Abstract

Galectin-3 is a β-galactoside binding protein and known for its deregulation in cancer. In previous studies, correlations between single nucleotide polymorphisms (SNP) and cancer development have been identified in the context of genetic susceptibility to different types of cancer. However, potential phenotypic variations related to galectin-3 SNPs have not yet been evaluated in non-small cell lung cancer (NSCLC). In this study, it was aimed to correlate expression levels of gene and protein galectin-3 with genotype and allele distribution of rs4644 and rs4652 SNPs of galectin-3 between NSCLC patients (n=65) and healthy control (n=95) individuals. SNPsrs4644 and rs4652 in galectin-3 were studied using TaqMan Real-Time PCR system. Tissue gene expression levels of galectin-3 for patients was also analysed by Real-Time PCR. Galektin-3 serum levels were measured by ELISA. There were no significant differences in genotype and allele distribution of SNPs and galectin-3 gene expression levels between the tumor tissues compared to tumor surrounding tissues (p> 0.05); Mean serum level of galectin-3 was significantly higher in patients (26.05 ± 1.77 ng / ml) than that of controls (11.62 ± 1.30 ng/ml) (p <0.0001).
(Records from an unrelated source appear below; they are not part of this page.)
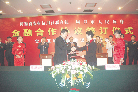 在协议签订仪式上,杨玲指出,金融合作协议的签订,正式启动了省农信联社和地方政府的战略合作,是支持区域经济发展的新尝试,是增进双方了解、合作与相互支持的新举措,将对推进全省区域经济发展起到积极作用。农信社将通过与周口市政府的合作,大力支持周口县域支柱产业、农业产业化龙头企业、中小企业和经济结构调整,为周口市经济社会发展提供长期、优质、高效的金融服务和信贷支持。 (河南省联社办公室)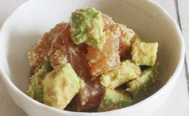 アボカドは縦半分に切り、種を外して皮を剥き、2㎝角に切ります。まぐろも2㎝角に切ります。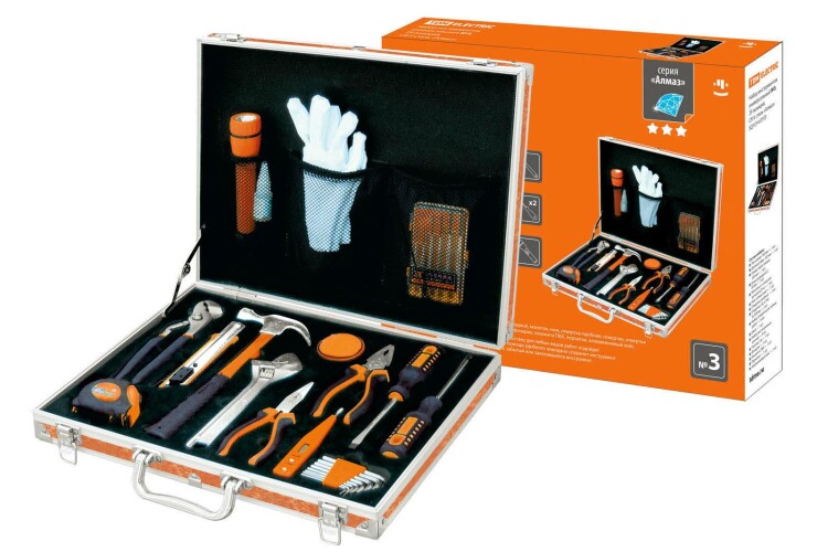 Материалы:Чемодан, рукоятки ПВХ, мягкая резина, алюминий.Металлические части состава инструментальная и хром-ванадиевая сталь. Преимущества:Качественная сталь.Оптимальное сочетание инструментов в набореУдобное хранение необходимых инструментовИнструменты в наборе выдерживают повышенные нагрузкиИнформативная красочная упаковка со штрихкодом наглядно представляет содержимое набораНазначение:Наборы предназначены для выполнения широкого круга работ при ремонте, монтаже, регулировке машин и различного оборудования. 0: Материалы:Чемодан, рукоятки ПВХ, мягкая резина, алюминий.Металлические части состава инструментальная и хром-ванад иевая сталь.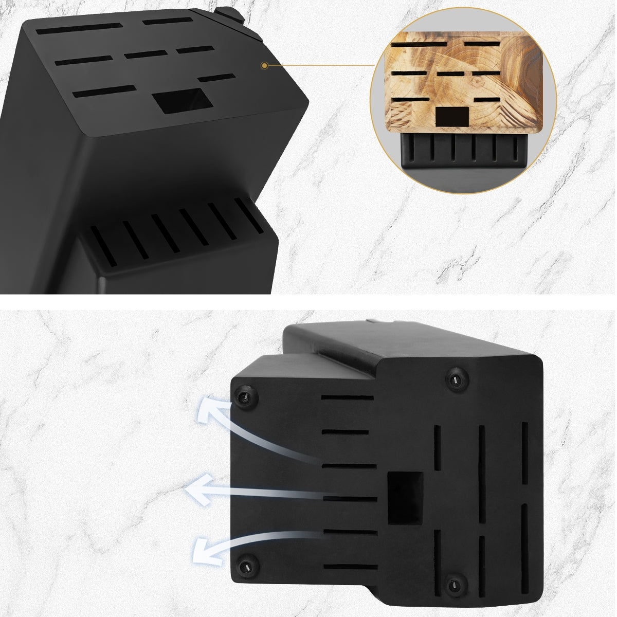 To protect the sharpness and glossiness of the knives, we recommend hand washing and promptly dry your knives after usage. All knives store safely in the wood knife block for space-efficient storage. The wooden block is ventilated and breathable, effectively prevent rust on knives.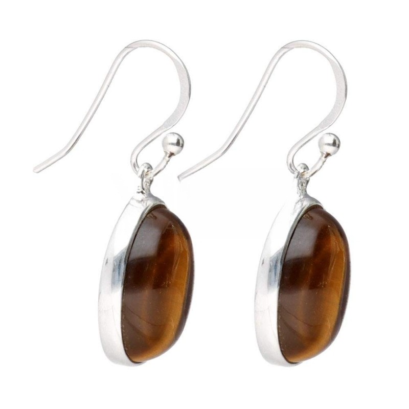 Estos pendientes combinan la belleza cálida del ojo de tigre con el brillo sutil de la plata de ley. Cada piedra ha sido cuidadosamente seleccionada por su intensidad cromática, con reflejos dorados y marrones que capturan la luz en movimiento. La montura de plata aporta un toque sofisticado y moderno, ideal para quienes buscan una joya con fuerza y estilo.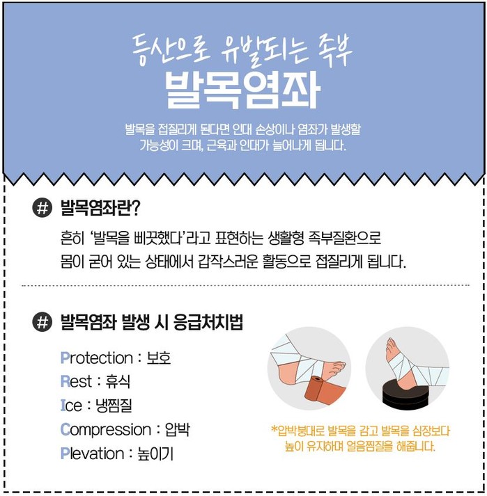 이렇게 되다 보니 준비 없이 이뤄진 산행, 무리한 등산 등은 부상을 일으킬 수 있다. 대표적인 것이 발목 염좌다. 흔히 말하는 ‘발목이 삐었다’는 증상이다. 갑자기 산을 오르다 다리에 힘이 빠져 발목이 꺾이게 되고 이 과정에서 발목 인대가 손상되는 염좌가 발생하게 된다. 발목 염좌가 생기면 PRICE를 기억해야 한다. 먼저 환부를 보호(Protection)하고 충분히 휴식(Rest)을 취하면서 냉찜질(ICE)을 하고 난 뒤 환부를 압박(Compression)해야 한다. 그리고 안정적인 곳에서 환부를 최대한 들어올려야(Elevation)한다.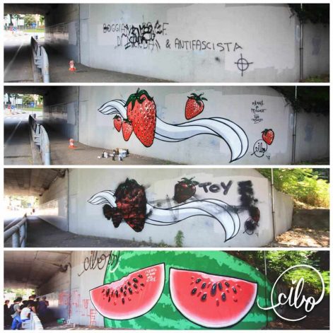 Uma parede coberta com suástica, por exemplo virou um bolo colorido. Outra com vários insultos foi transformada em morangos e melancias.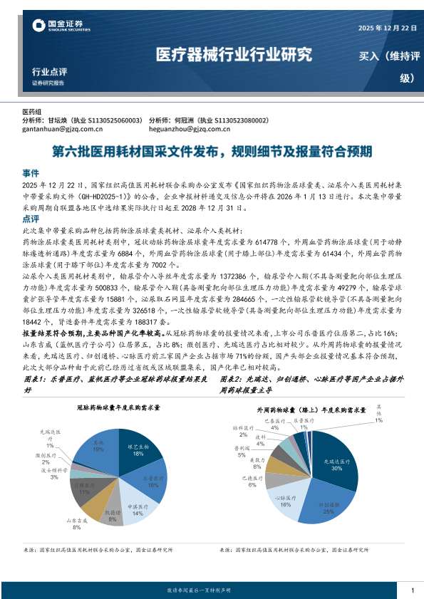 【国金证券】【202512】医疗器械行业行业研究:第六批医用耗材国采文件发布,规则细节及报量符合预期-5页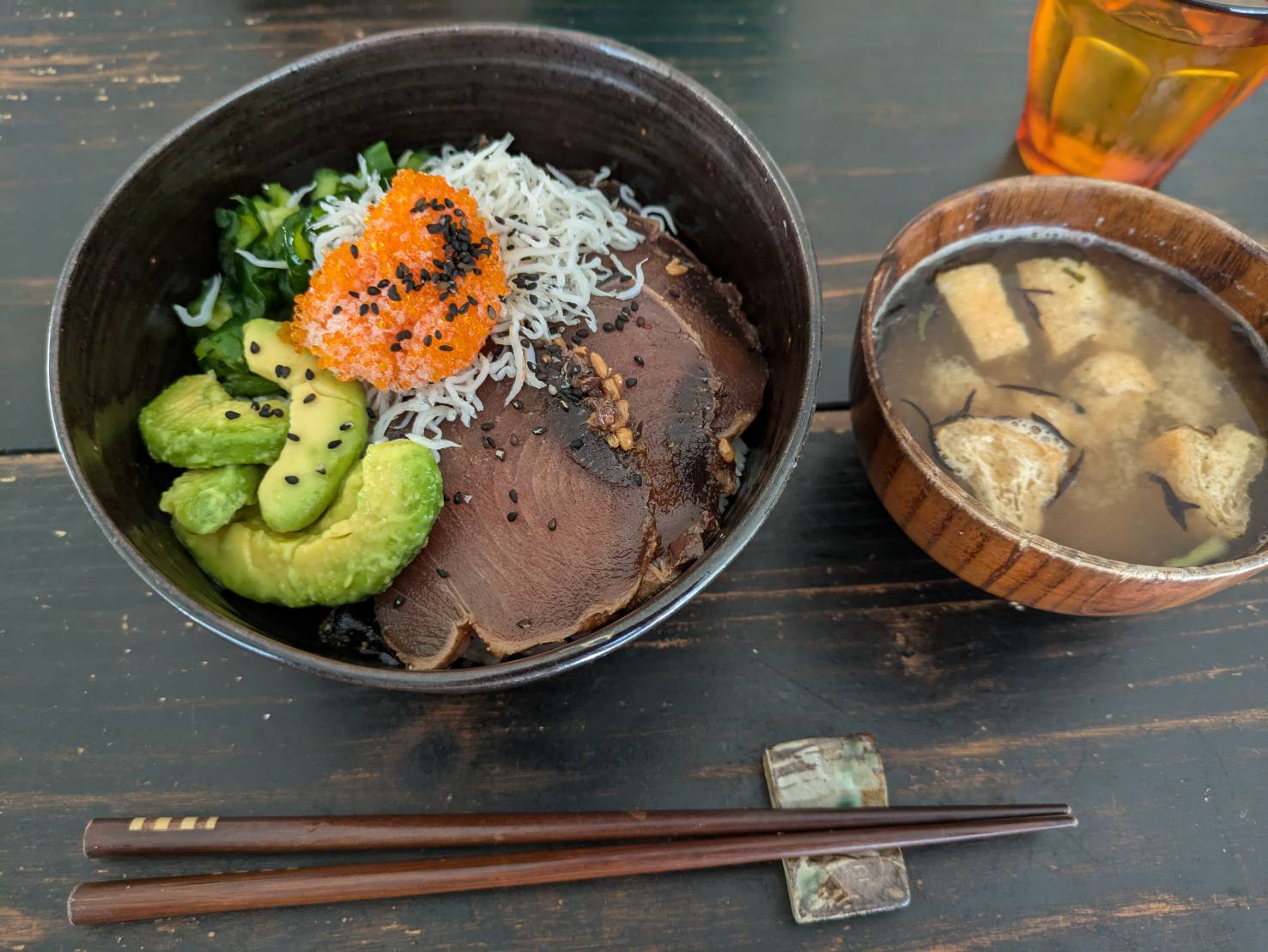 (本日の愛妻ランチは、カツオの漬丼アボカド、シラス、トビっ子…トッピングでございました。)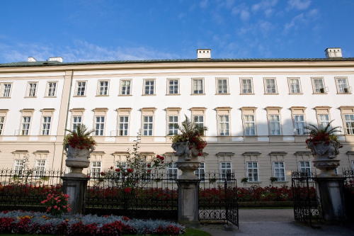 | ミラベル宮殿 17世紀の初めに大司教ヴォルフ・ディートリヒが愛人のために建てたとのことですが、19世紀の初めに火災にあい殆んどの部分を焼失し、クラシック様式で再建したもので、現在は市役所、図書館、ホールとして使用しているそうです。 |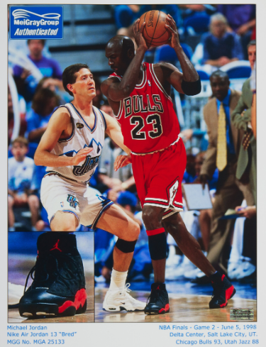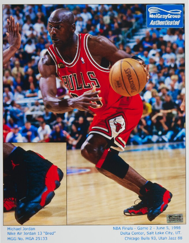 拍出天價的該對Air Jordan 13於1998年6月5日在芝加哥公牛以93比88擊敗猶他爵士的賽事中登場,米高佐敦穿著它攻下全場最高的37分。據報米高佐敦賽後在球鞋上簽名,贈予一名球童。蘇富比未有透露買家身份,並指賣家並非當初從米高佐敦收下球鞋的球童。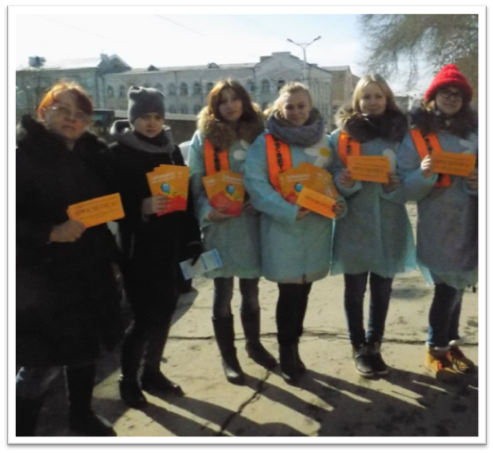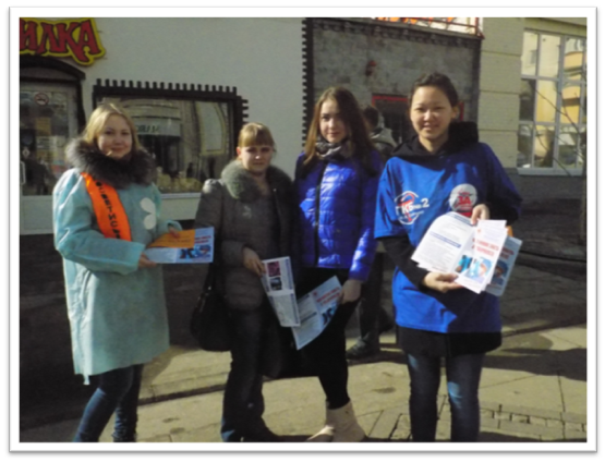 Наши волонтёры в униформах с ромашками. Раздали примерно 1000 листовок и буклетов.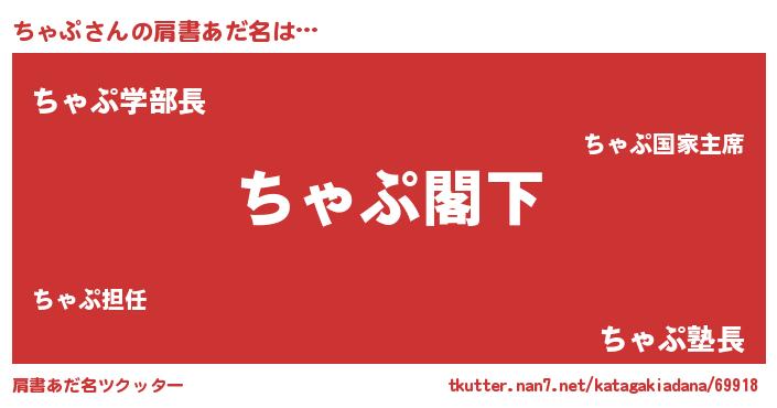 | ヒーロー風カッコイイあだ名 | 『最強戦士チャプ』『慈愛の使者ちゃぷ』 |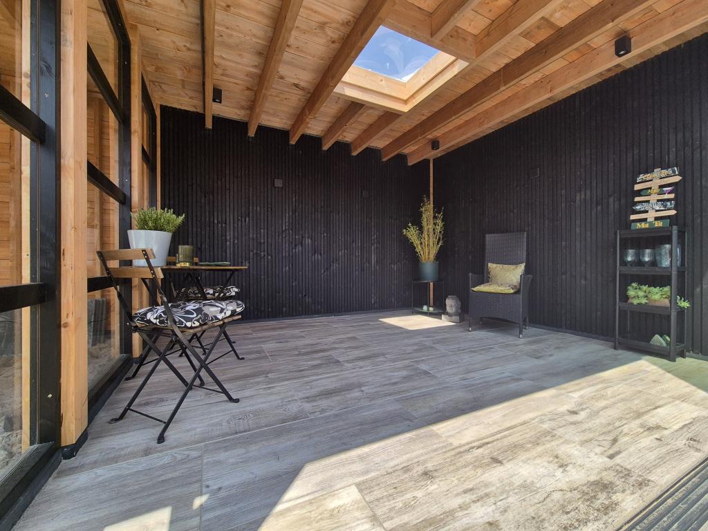 Deze moderne tuinkamer in combinatie met carport is ideaal voor alle gezinstuinen. Samen lekker borrelen, buiten eten of gewoon samen genieten tot laat in de avond. In deze buitenkamer is het allemaal mogelijk! Daarnaast is het nog mogelijk om bijvoorbeeld je motor veilig en droog te zetten in de carport!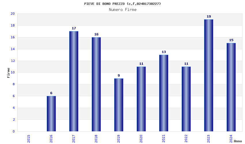 | Anno | Firme | Importi | Media | Naz. | Reg. | Prov. | Comu. |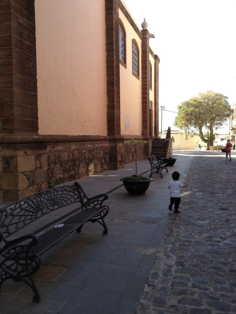 Müzeden çıkınca, karnımızı doyurmak için eski şehrin dar sokaklarında kafe aramaya koyulduk. Bize Havana‘yı anımsattı oralar. Alaz’ın yine yemek yemeyi reddetmesi dışında güzel bir mola oldu bize. Oldukça yorgundu ve huysuzluk çıkarıyordu. Arabayı park ettiğimiz otoparkta yerdeki çakıl taşlarıyla oynadı üstü başı toz olana dek. Ardından temizleyip arabaya oturttuk. Las Palmas yoluna çıkmadan uyumuştu.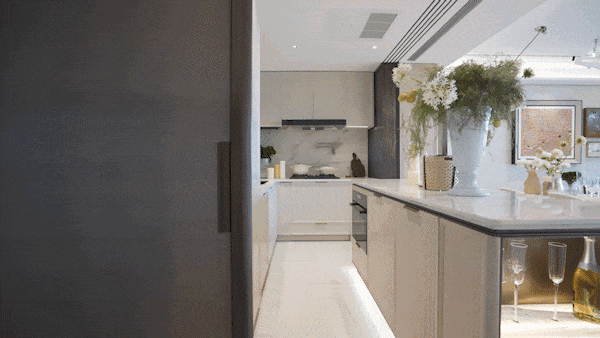 另外,因为豪宅客户对于精装美学有自己的审美,所以此次项目提供了超越行业的 三大柔性定制 ——艺术家联名定制入户门把手、艺术家联名定制艺术门牌挂画以及墙面饰面&岛台等区域提供多款石材/岩板款式。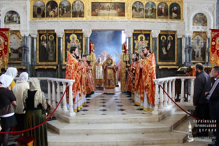 Его Блаженству сослужили наместник Лавры митрополит Вышгородский и Чернобыльский Павел, управляющий делами Украинской Православной Церкви митрополит Бориспольский и Броварской Антоний, архиепископ Макаровский Иларий, епископ Ирпенский Климент, духовенство монастыря.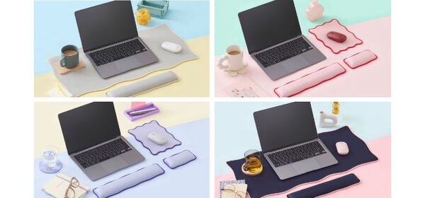 ウェーブ×バイカラーデザインのリストレストは、手首への負担を軽減するスポンジクッション付きで、スタンダードタイプとショートタイプが選べる。また、「UKIU」マウスパッドはデスクを傷から守り、縦横いずれの方向にも配置できるため、デスクレイアウトに柔軟に対応可能だ。デスクマットも同様のデザインと機能を備え、広い作業空間を確保できる。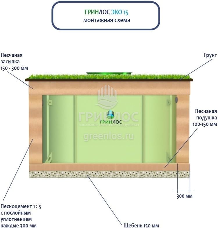 Монтаж септика ГРИНЛОС Эко 15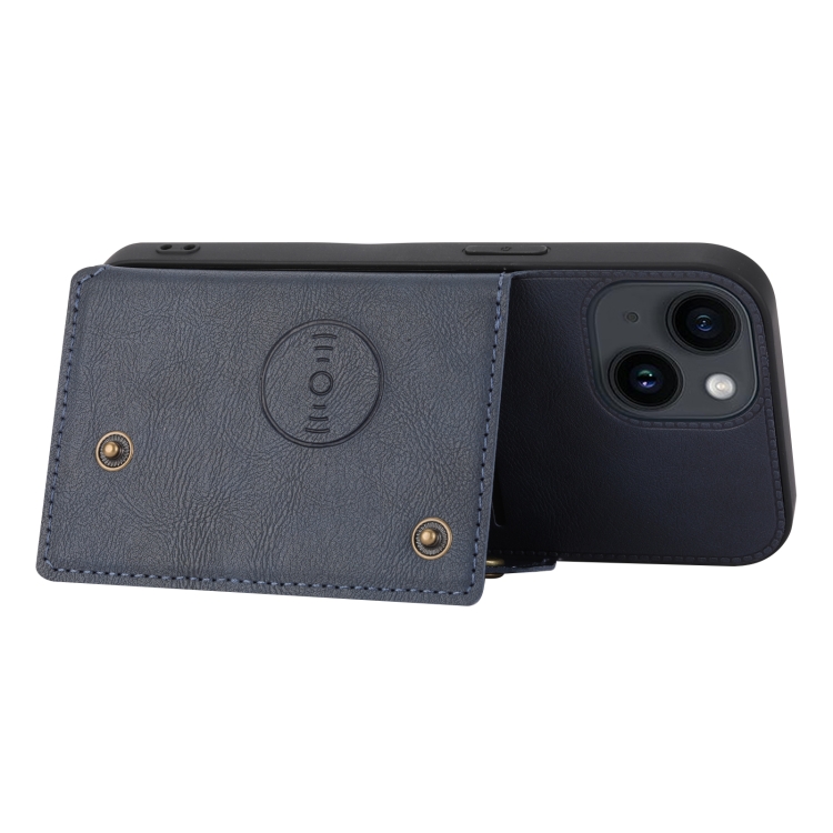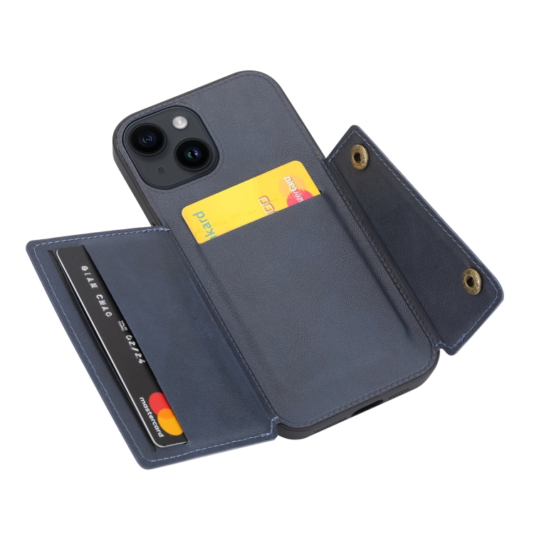Funda para Teléfono iPhone 15 Pu + TPU con Ranuras para Tarjetas y Doble Hebilla (Azul)

The presence of angiolymphatic invasion was statistically significantly associated with AA genotype (p = 0.04). SNP rs4644 AC/CC genotype was found to be associated with higher serum galectin-3 levels in patients compared to that of controls (p<0.0001) while SNP rs4652 with AA / AC genotype was associated with lower serum galectin-3 levels in controls compared to patients (p<0.0001). Serum galectin-3 level has been shown to be statistically significantly associated with of vascular invasion among patients who had AC genotypes for both SNPs rs4644 and rs4652 (p = 0.03; p = 0.019 respectively). Galectin-3 could be defined as a possible biomarker for NSCLC and it plays a role as surrogate marker for vascular invasion in tumors.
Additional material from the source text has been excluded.